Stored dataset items
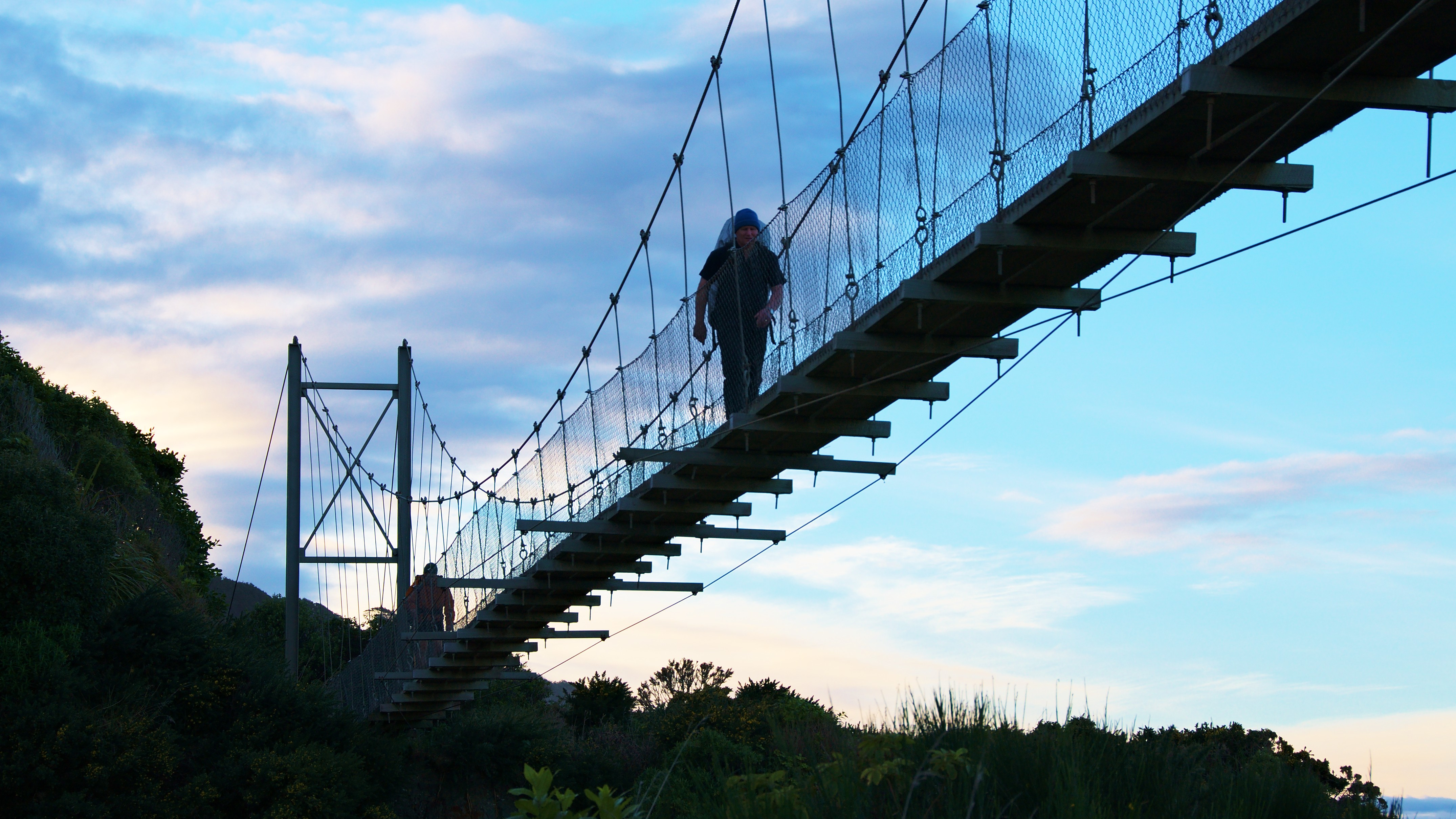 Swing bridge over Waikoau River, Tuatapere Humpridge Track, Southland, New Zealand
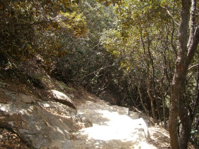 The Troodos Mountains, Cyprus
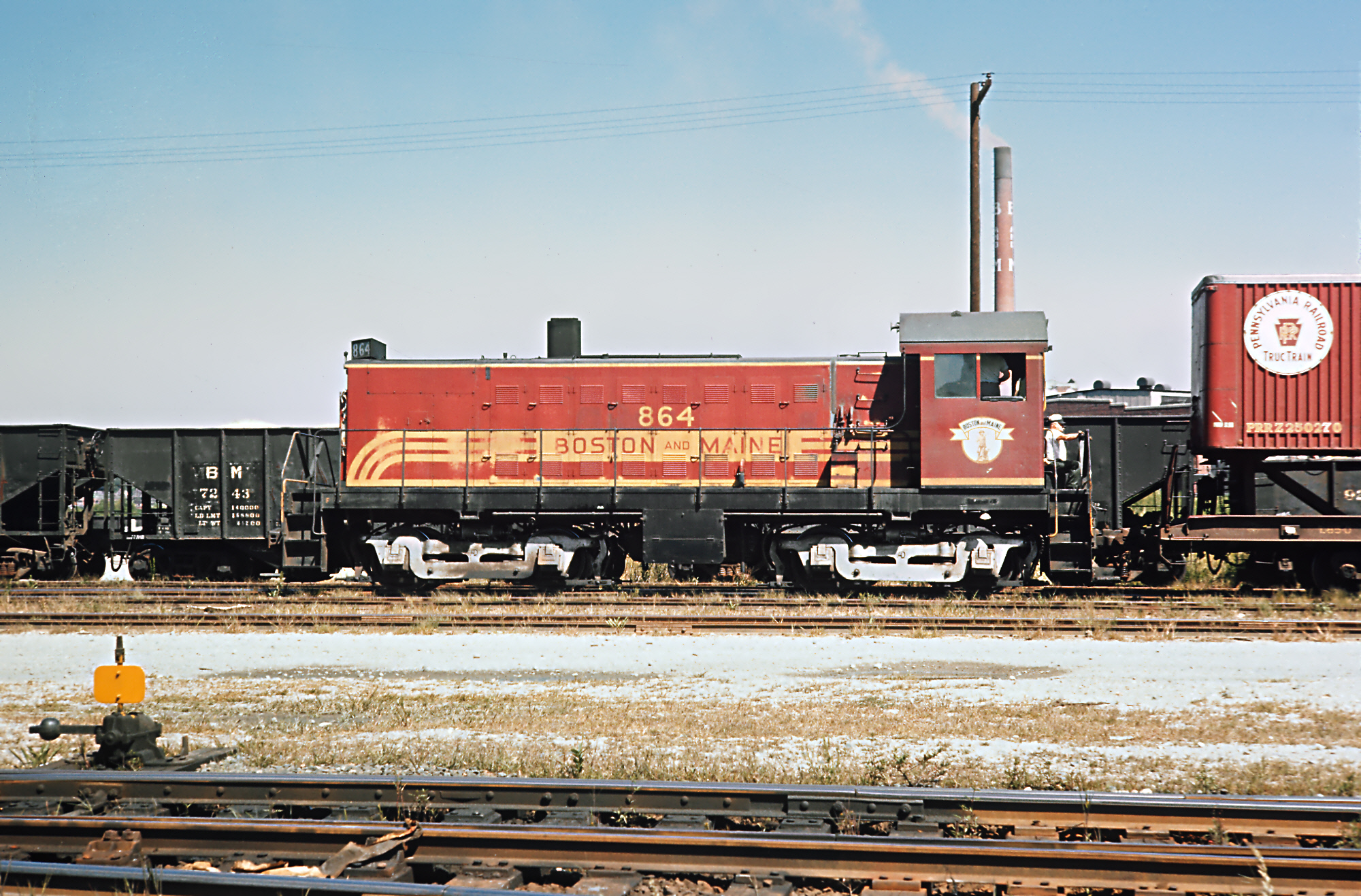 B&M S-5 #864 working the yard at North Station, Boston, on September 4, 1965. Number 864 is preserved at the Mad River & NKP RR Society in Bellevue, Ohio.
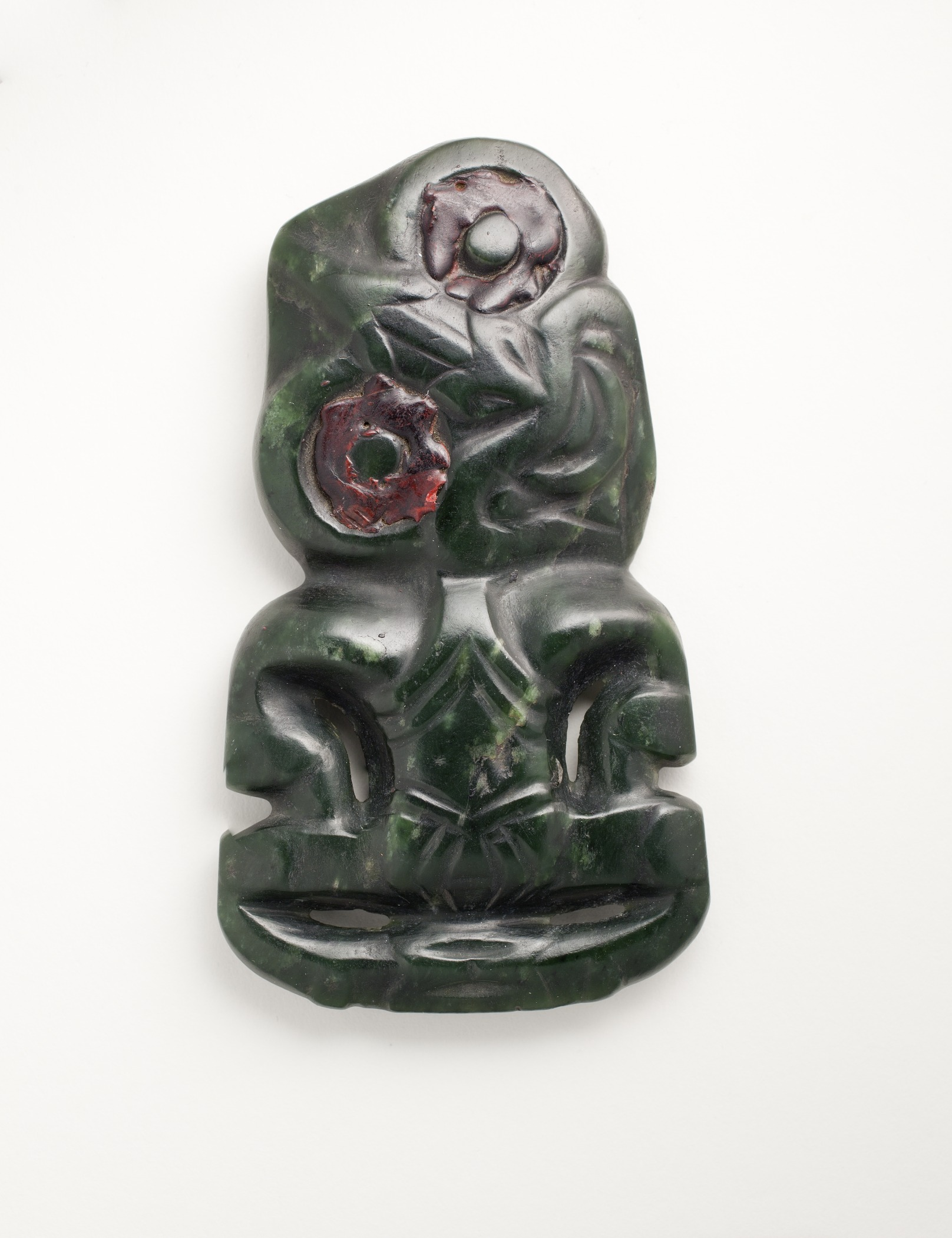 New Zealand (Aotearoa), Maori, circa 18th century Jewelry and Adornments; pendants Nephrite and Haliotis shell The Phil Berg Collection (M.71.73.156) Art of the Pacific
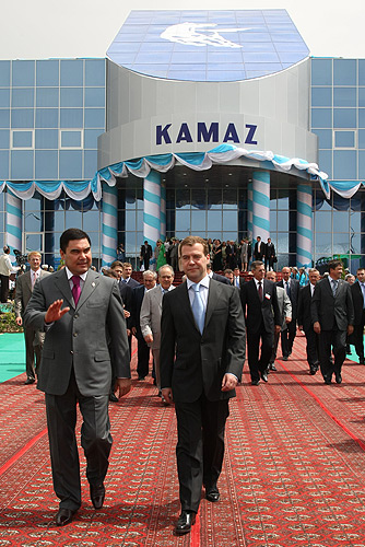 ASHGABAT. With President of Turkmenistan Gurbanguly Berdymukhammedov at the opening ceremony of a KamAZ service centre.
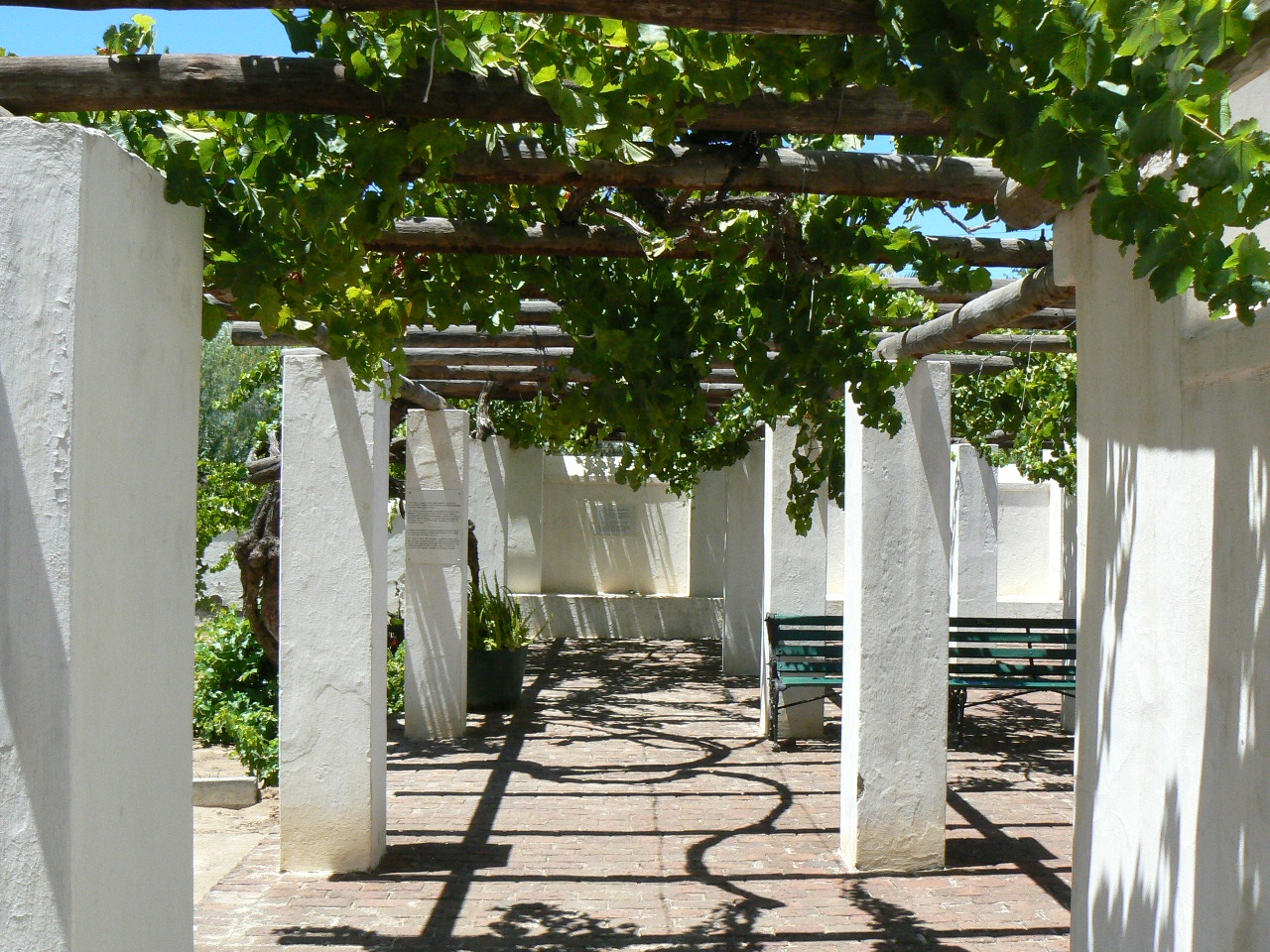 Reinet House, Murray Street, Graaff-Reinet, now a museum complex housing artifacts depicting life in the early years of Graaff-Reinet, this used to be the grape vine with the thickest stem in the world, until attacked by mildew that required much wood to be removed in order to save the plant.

Task »
Starting with the line above that holds "New Zealand (Aotearoa), Maori, circa", restate each line word for word up to and including the line that holds "ASHGABAT. With President". Drop the pictures.

Exercise output »
 New Zealand (Aotearoa), Maori, circa 18th century Jewelry and Adornments; pendants Nephrite and Haliotis shell The Phil Berg Collection (M.71.73.156) Art of the Pacific
 ASHGABAT. With President of Turkmenistan Gurbanguly Berdymukhammedov at the opening ceremony of a KamAZ service centre.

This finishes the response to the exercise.